___ SOURCE MATERIAL
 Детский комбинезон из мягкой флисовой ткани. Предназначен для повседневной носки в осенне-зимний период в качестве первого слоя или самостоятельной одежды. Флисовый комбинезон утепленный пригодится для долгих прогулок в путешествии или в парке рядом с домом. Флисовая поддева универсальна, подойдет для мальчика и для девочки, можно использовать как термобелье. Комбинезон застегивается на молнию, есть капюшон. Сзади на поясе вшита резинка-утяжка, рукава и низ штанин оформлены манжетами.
______
___ SOURCE MATERIAL
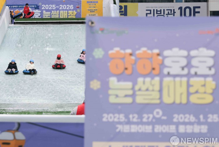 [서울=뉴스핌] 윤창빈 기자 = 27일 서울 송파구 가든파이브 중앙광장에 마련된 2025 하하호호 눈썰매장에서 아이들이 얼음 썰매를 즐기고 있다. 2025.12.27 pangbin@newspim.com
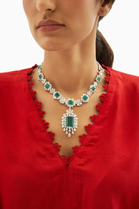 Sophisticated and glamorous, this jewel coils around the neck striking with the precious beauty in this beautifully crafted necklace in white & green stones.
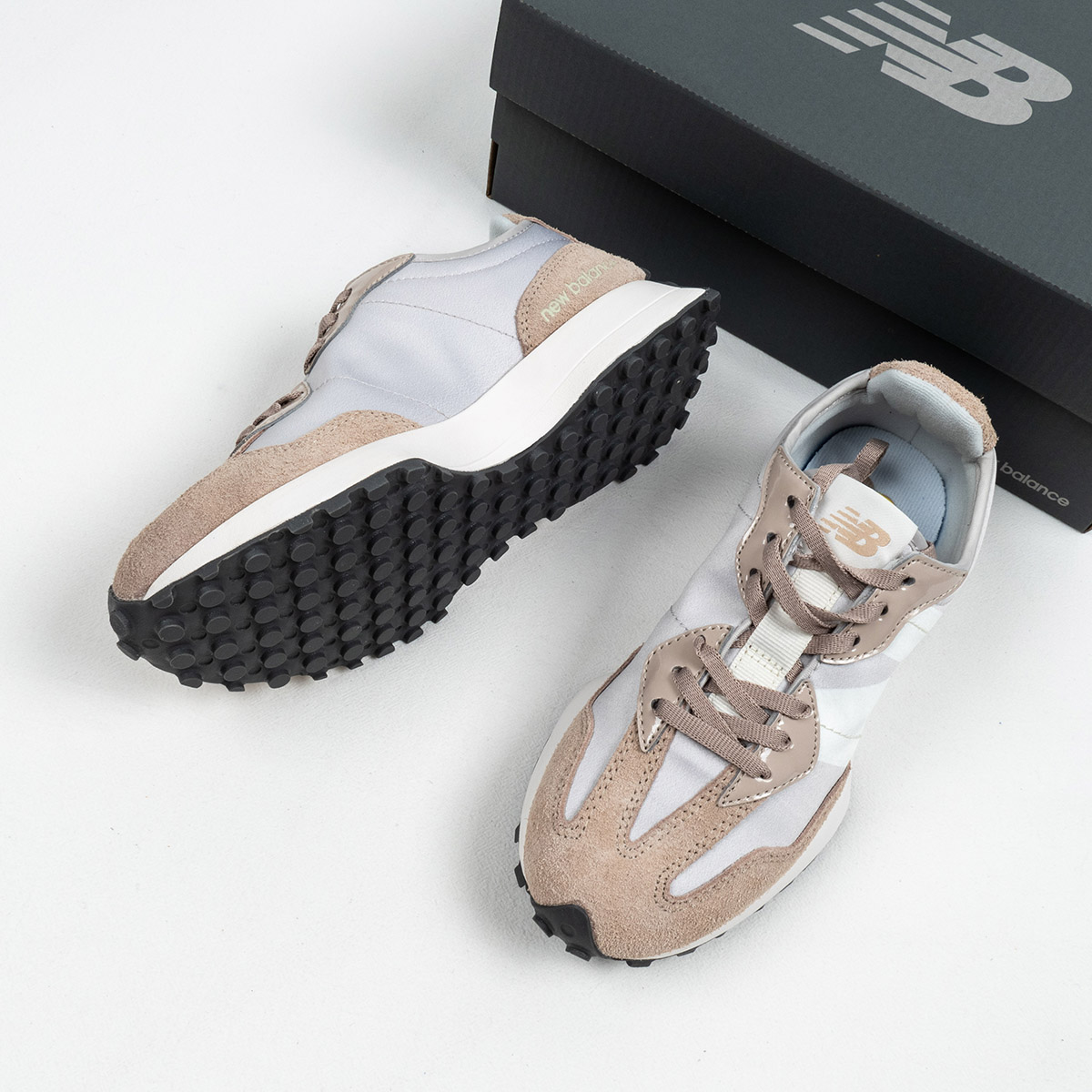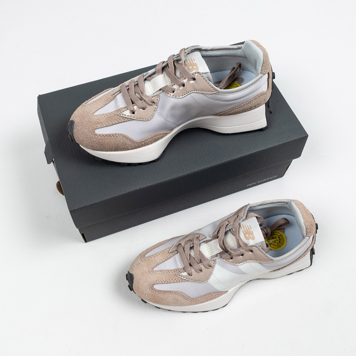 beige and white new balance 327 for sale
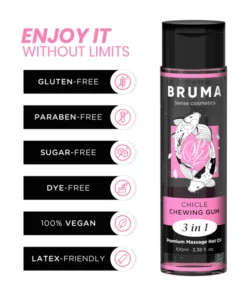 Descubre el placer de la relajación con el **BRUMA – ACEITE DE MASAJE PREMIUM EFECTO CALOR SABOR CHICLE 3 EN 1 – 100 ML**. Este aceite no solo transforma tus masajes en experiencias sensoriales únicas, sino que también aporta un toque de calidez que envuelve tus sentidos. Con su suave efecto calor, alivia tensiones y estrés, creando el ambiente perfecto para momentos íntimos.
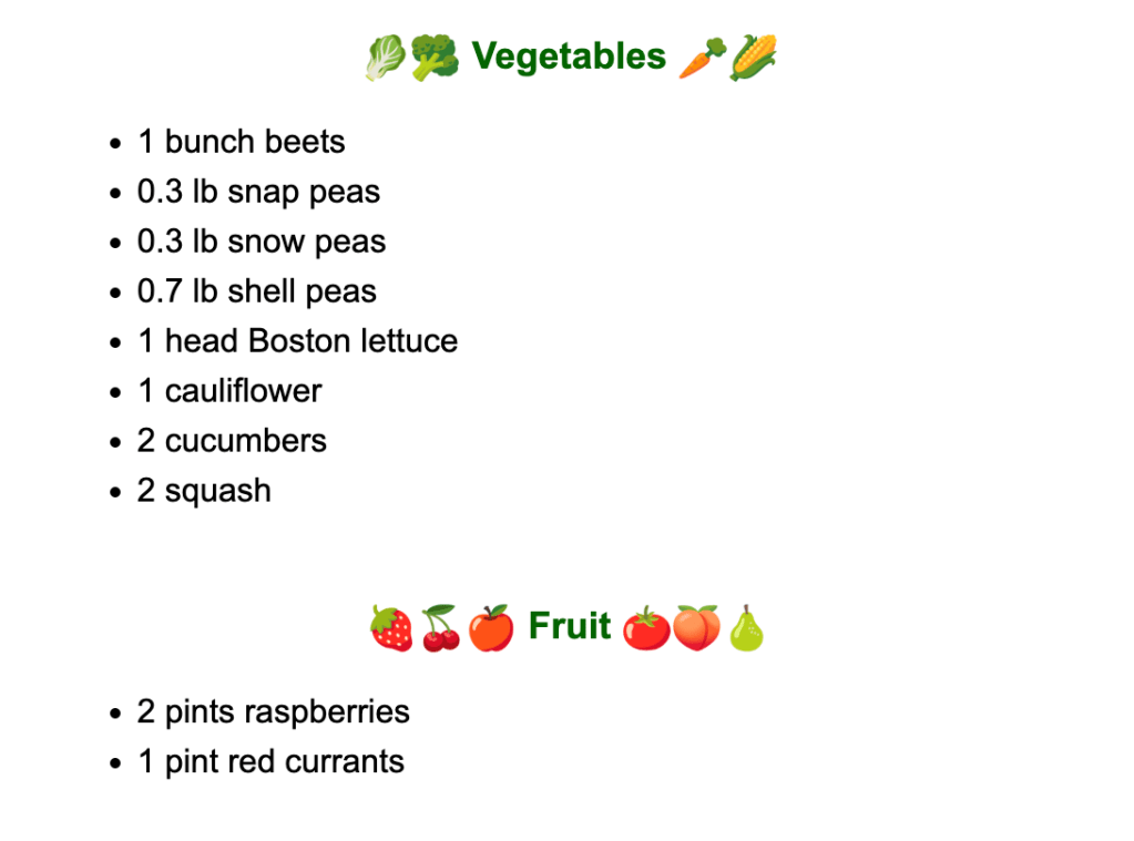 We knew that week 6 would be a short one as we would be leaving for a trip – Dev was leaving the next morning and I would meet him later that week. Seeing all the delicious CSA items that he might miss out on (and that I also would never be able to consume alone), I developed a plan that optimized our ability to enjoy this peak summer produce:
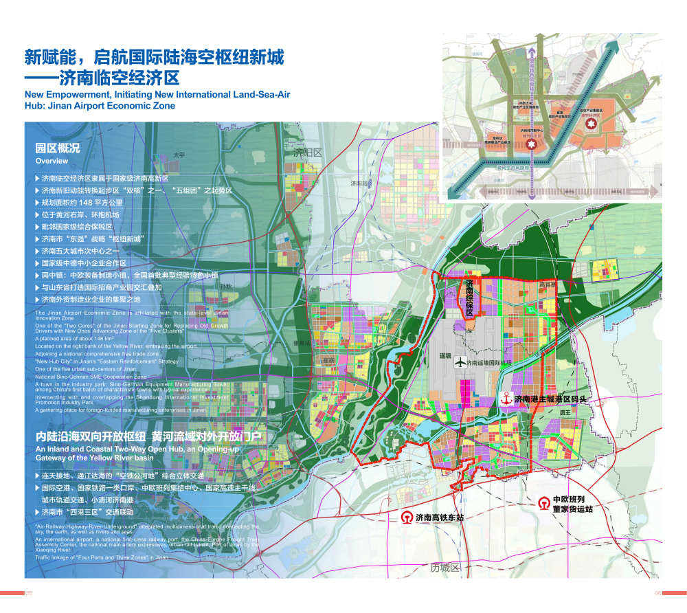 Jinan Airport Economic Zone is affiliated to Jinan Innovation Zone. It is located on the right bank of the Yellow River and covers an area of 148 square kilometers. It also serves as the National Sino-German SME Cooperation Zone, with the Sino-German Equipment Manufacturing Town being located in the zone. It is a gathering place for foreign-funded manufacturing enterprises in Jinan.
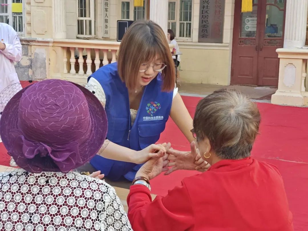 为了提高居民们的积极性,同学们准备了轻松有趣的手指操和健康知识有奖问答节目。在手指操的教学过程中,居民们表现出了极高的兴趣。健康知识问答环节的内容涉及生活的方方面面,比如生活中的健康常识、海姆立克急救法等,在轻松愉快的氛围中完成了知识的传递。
______
- PROBLEM TO SOLVE
Work from the entries above. Set down exactly and only the lines from the line with "Descubre el placer" to the line with "为了提高居民们的积极性,同学", both included, and leave the pictures out.

- RESPONSE TO THIS TASK
 Descubre el placer de la relajación con el **BRUMA – ACEITE DE MASAJE PREMIUM EFECTO CALOR SABOR CHICLE 3 EN 1 – 100 ML**. Este aceite no solo transforma tus masajes en experiencias sensoriales únicas, sino que también aporta un toque de calidez que envuelve tus sentidos. Con su suave efecto calor, alivia tensiones y estrés, creando el ambiente perfecto para momentos íntimos.
 We knew that week 6 would be a short one as we would be leaving for a trip – Dev was leaving the next morning and I would meet him later that week. Seeing all the delicious CSA items that he might miss out on (and that I also would never be able to consume alone), I developed a plan that optimized our ability to enjoy this peak summer produce:
 Jinan Airport Economic Zone is affiliated to Jinan Innovation Zone. It is located on the right bank of the Yellow River and covers an area of 148 square kilometers. It also serves as the National Sino-German SME Cooperation Zone, with the Sino-German Equipment Manufacturing Town being located in the zone. It is a gathering place for foreign-funded manufacturing enterprises in Jinan.
 为了提高居民们的积极性,同学们准备了轻松有趣的手指操和健康知识有奖问答节目。在手指操的教学过程中,居民们表现出了极高的兴趣。健康知识问答环节的内容涉及生活的方方面面,比如生活中的健康常识、海姆立克急救法等,在轻松愉快的氛围中完成了知识的传递。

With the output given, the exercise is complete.